WHAT NEEDS TO BE DONE
Reproduce only the lines below from the line containing "При этом основные" to the line containing "Learn frequently used", exactly as written, with both end lines kept. Omit the pictures.

Data records

>>>

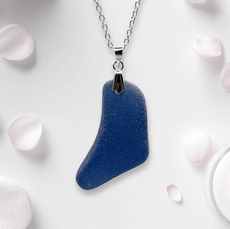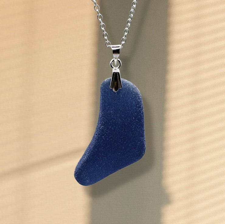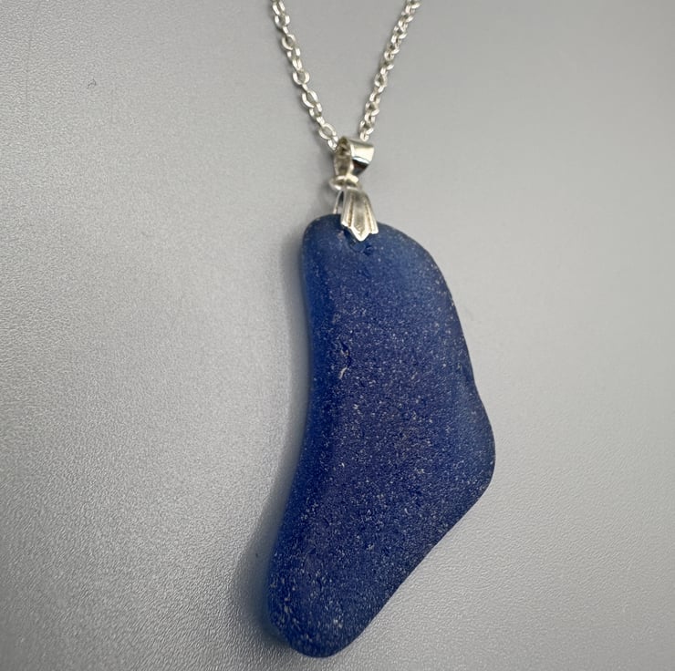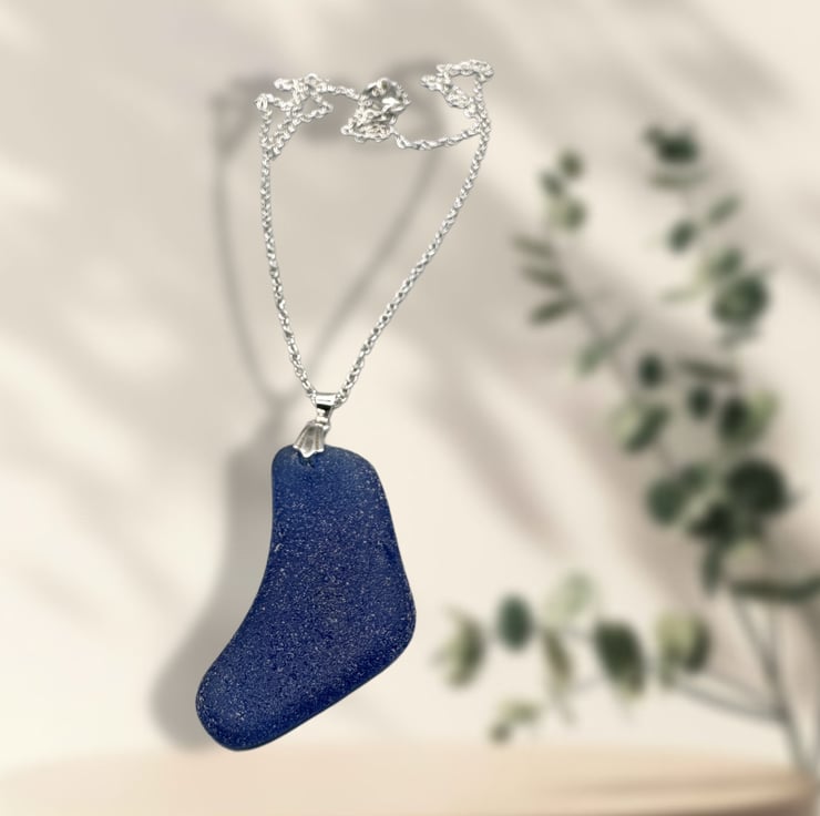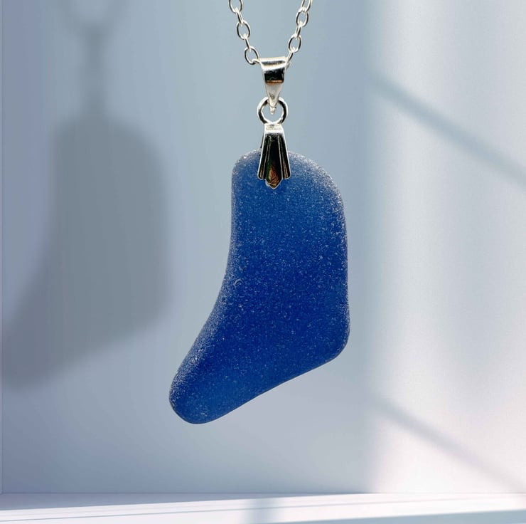 Genuine Kintyre colbalt blue seaglass pendant. Beautiful statement piece of jewellery in a unique shape. Ocean colours of frosted blue with a silver bail. lovely curved shape that is nicely shaped, frosted and smooth after many years rolling in the waves.
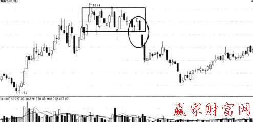 突破性缺口分為向上突破性缺口(圖1)和向下突破性缺口(圖2)。突破性缺口常出現在整理形態瀕臨結束時,由于技術面或基本面的優勢,在多空拉鋸中做出跳空上漲或跳空下跌而脫離盤整的情形,比如投資者常見的跌破支撐,突破阻力。突破性缺口的出現,往往意味著方向的選擇已定,向下突破性缺口意味著行情向下發展,向上突破性缺口意味著行情將進入一片新天地。
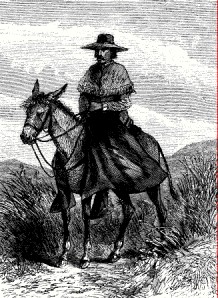 Vaquero o ‘mozo’ del sur dela península. Obsérvense las amplias chaparreraspara protegerse de las plantas espinosas del campo; casi todo su atuendo era de piel.
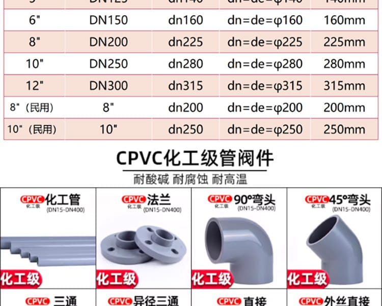 安徽台塑华亚塑胶科技有限公司是专业生产CPVC化工级管材及管件的实力源头厂商,拥有多年行业经验,专注高品质塑料管道系统的研发与制造。公司严格按照国家标准生产,产品通过ISO质量管理体系认证及中国合格评定国家认可委员会(CNAS)实验室认可,确保每一件产品都经过层层检验,品质可靠。 主要产品包括: - CPVC化工级90°弯头、45°弯头(DN15-DN400) - CPVC三通、异径三通、直接、内外丝直接 - CPVC活接、大小头、补芯、管帽、马鞍座 - CPVC双由令球阀、法兰球阀 - 工业级活套法兰与一体法兰(DN15-DN200),符合国标尺寸,耐高压、防裂抗压 所有产品采用全新料生产,具备优异的耐酸碱、耐腐蚀、耐高温(可达110℃)性能,内壁光滑,流通顺畅,适用于化工、电镀、环保水处理等多种工业介质输送场景。 我们提供一站式采购服务,现货充足,支持代发代送,24小时内快速发货。欢迎海内外客户来电咨询,携手合作,共创共赢!
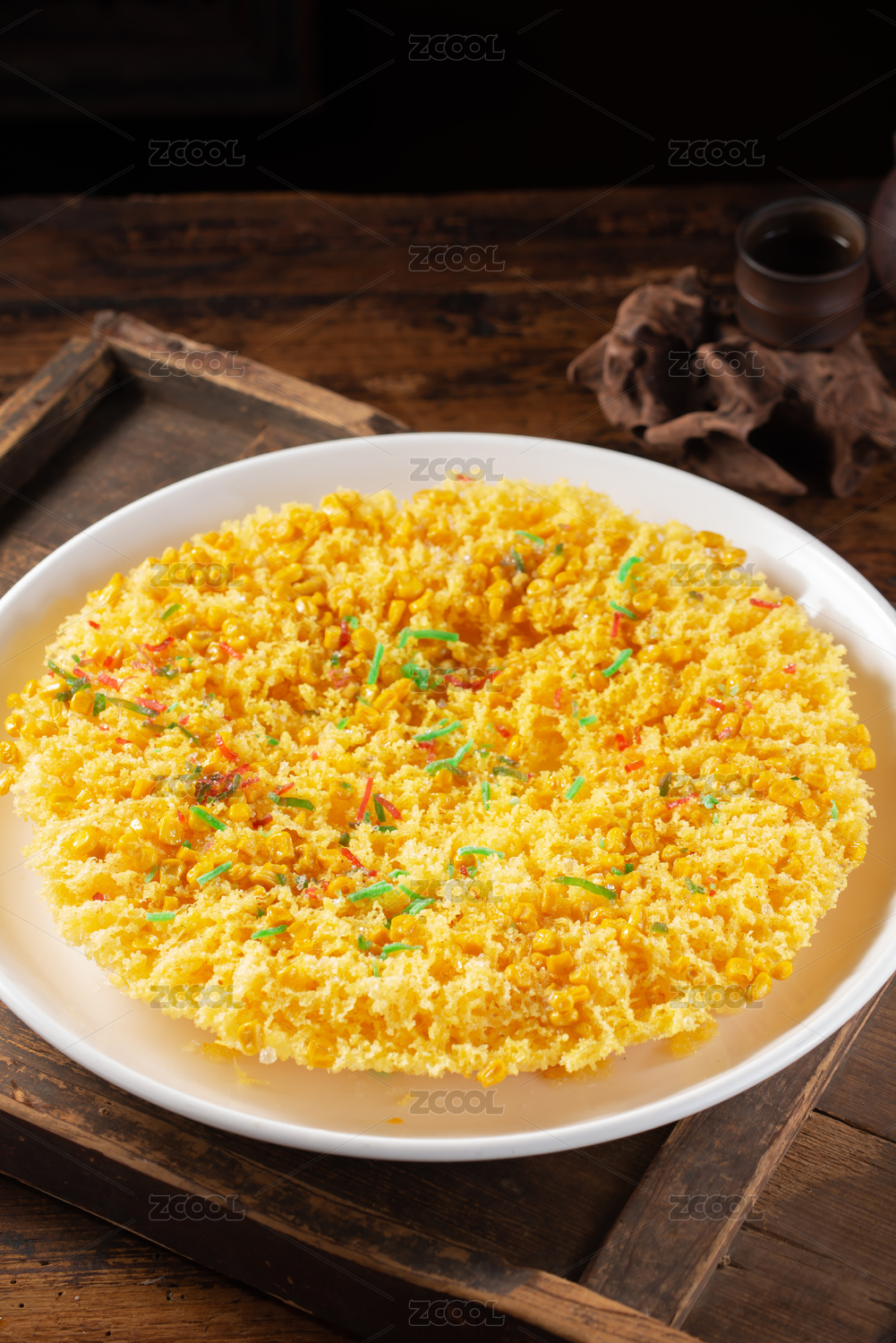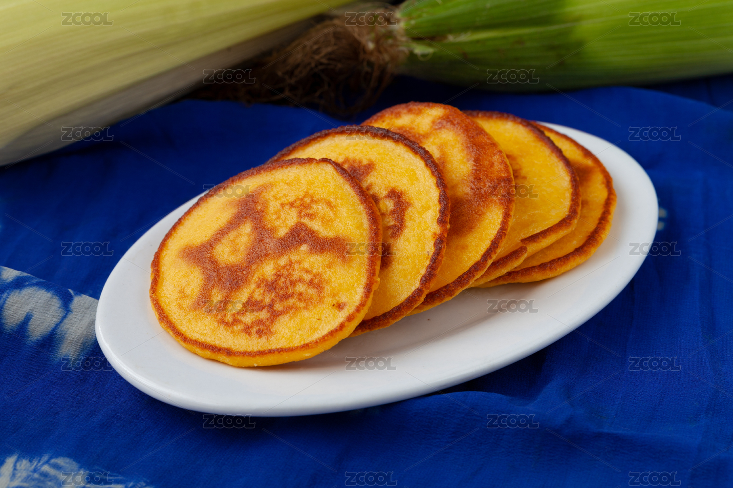一盘香酥玉米烙和叉子上叉碰上玉米烙
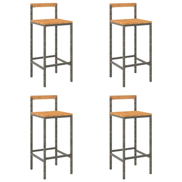 Barhocker 2 Stk. Grau Poly Rattan und Massivholz Akazie
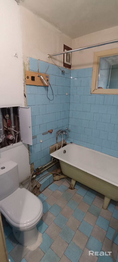 При этом основные предметы санузла — ванна и туалет — вполне себе чистые. Также в квартире проведены электричество, вода и газ. Хотя с изоляцией проводов стоит быть осторожнее.
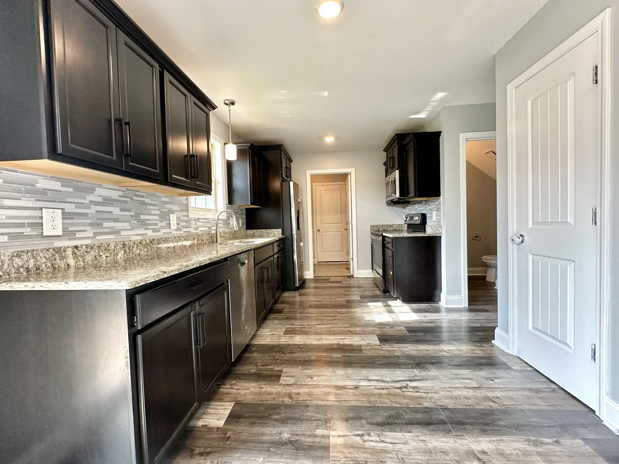 Step inside to a bright, inviting living room and a convenient half bath. The open dining area flows seamlessly to the back deck, making it ideal for entertaining or relaxing. The kitchen is a true standout, featuring stainless steel appliances, a pantry for extra storage, and direct access to the one-car garage for everyday ease.
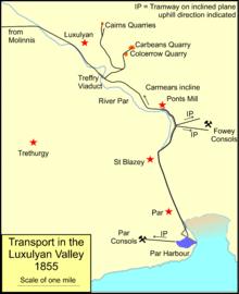 - ^ According to Vaughan: he says, "Although many railway history books show the ... opening on 18th May 1847, all the evidence shows it was opened early in 1844, according to the Pease diaries and the West Briton [newspaper]. Certainly the incline, viaduct and tramway were open by then." Baxter quotes 1847; MacDermot does not give a date for the tramway, but states that the viaduct was finished in 1842. The exhaustive Cornwall County Council archaeological survey says (page 44) the viaduct "was built during the period 1839 to 1842"; but on page 45, referring to the mineral activities in general, states "By 1845 this extraordinary industrial complex was fully operational."
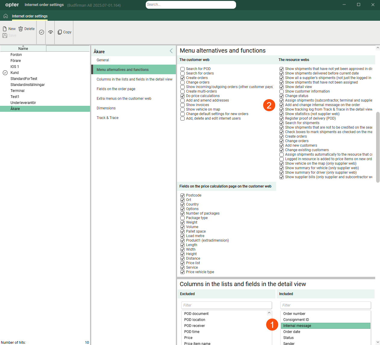 If you also want the carrier/subcontractor to be able to edit and add internal messages, tick Add and change internal message on the order under The resource webs on the tab Menu alternatives and functions.
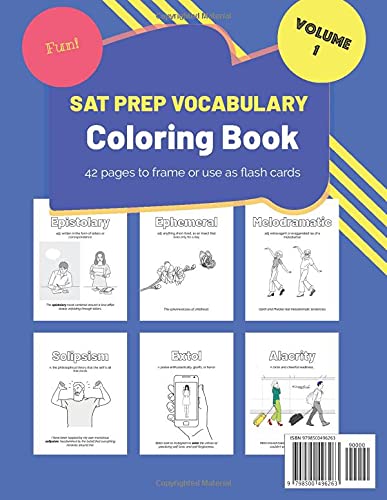 Learn frequently used SAT Words through the power and fun of coloring! This 2021 Edition SAT Coloring Book will help you improve your vocabulary and master words simply by relaxing and unleashing your creativity. This book is a fantastic resource for visual learners. Frame the drawings you like, or use as flash cards to study! A wonderful gift for your high school student to build their skills without the monotony of word lists. This book is also great for adults hoping to expand their vocabulary, and for ESL learners looking to level up their vocabulary.
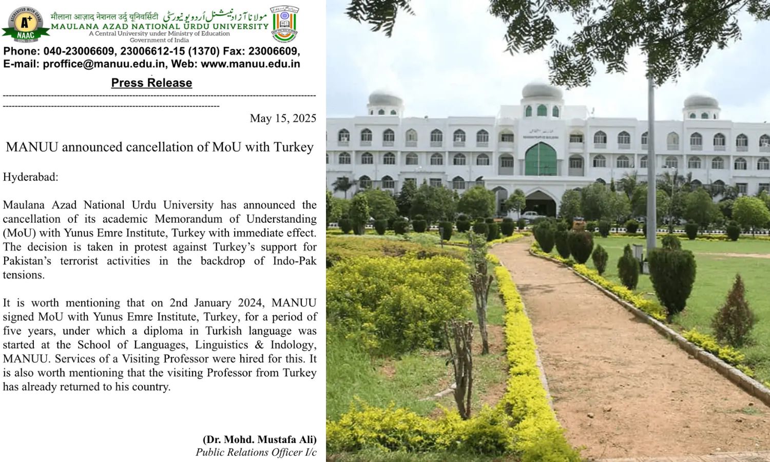 Hyderabad: Maulana Azad National Urdu University has pulled the plug on its five-year academic partnership with Turkey’s Yunus Emre Institute, citing Ankara’s support for Pakistan’s terror-linked activities. The cancellation is with immediate effect.

<<<

RESULT FOR THIS EXERCISE
 При этом основные предметы санузла — ванна и туалет — вполне себе чистые. Также в квартире проведены электричество, вода и газ. Хотя с изоляцией проводов стоит быть осторожнее.
 Step inside to a bright, inviting living room and a convenient half bath. The open dining area flows seamlessly to the back deck, making it ideal for entertaining or relaxing. The kitchen is a true standout, featuring stainless steel appliances, a pantry for extra storage, and direct access to the one-car garage for everyday ease.
 - ^ According to Vaughan: he says, "Although many railway history books show the ... opening on 18th May 1847, all the evidence shows it was opened early in 1844, according to the Pease diaries and the West Briton [newspaper]. Certainly the incline, viaduct and tramway were open by then." Baxter quotes 1847; MacDermot does not give a date for the tramway, but states that the viaduct was finished in 1842. The exhaustive Cornwall County Council archaeological survey says (page 44) the viaduct "was built during the period 1839 to 1842"; but on page 45, referring to the mineral activities in general, states "By 1845 this extraordinary industrial complex was fully operational."
 If you also want the carrier/subcontractor to be able to edit and add internal messages, tick Add and change internal message on the order under The resource webs on the tab Menu alternatives and functions.
 Learn frequently used SAT Words through the power and fun of coloring! This 2021 Edition SAT Coloring Book will help you improve your vocabulary and master words simply by relaxing and unleashing your creativity. This book is a fantastic resource for visual learners. Frame the drawings you like, or use as flash cards to study! A wonderful gift for your high school student to build their skills without the monotony of word lists. This book is also great for adults hoping to expand their vocabulary, and for ESL learners looking to level up their vocabulary.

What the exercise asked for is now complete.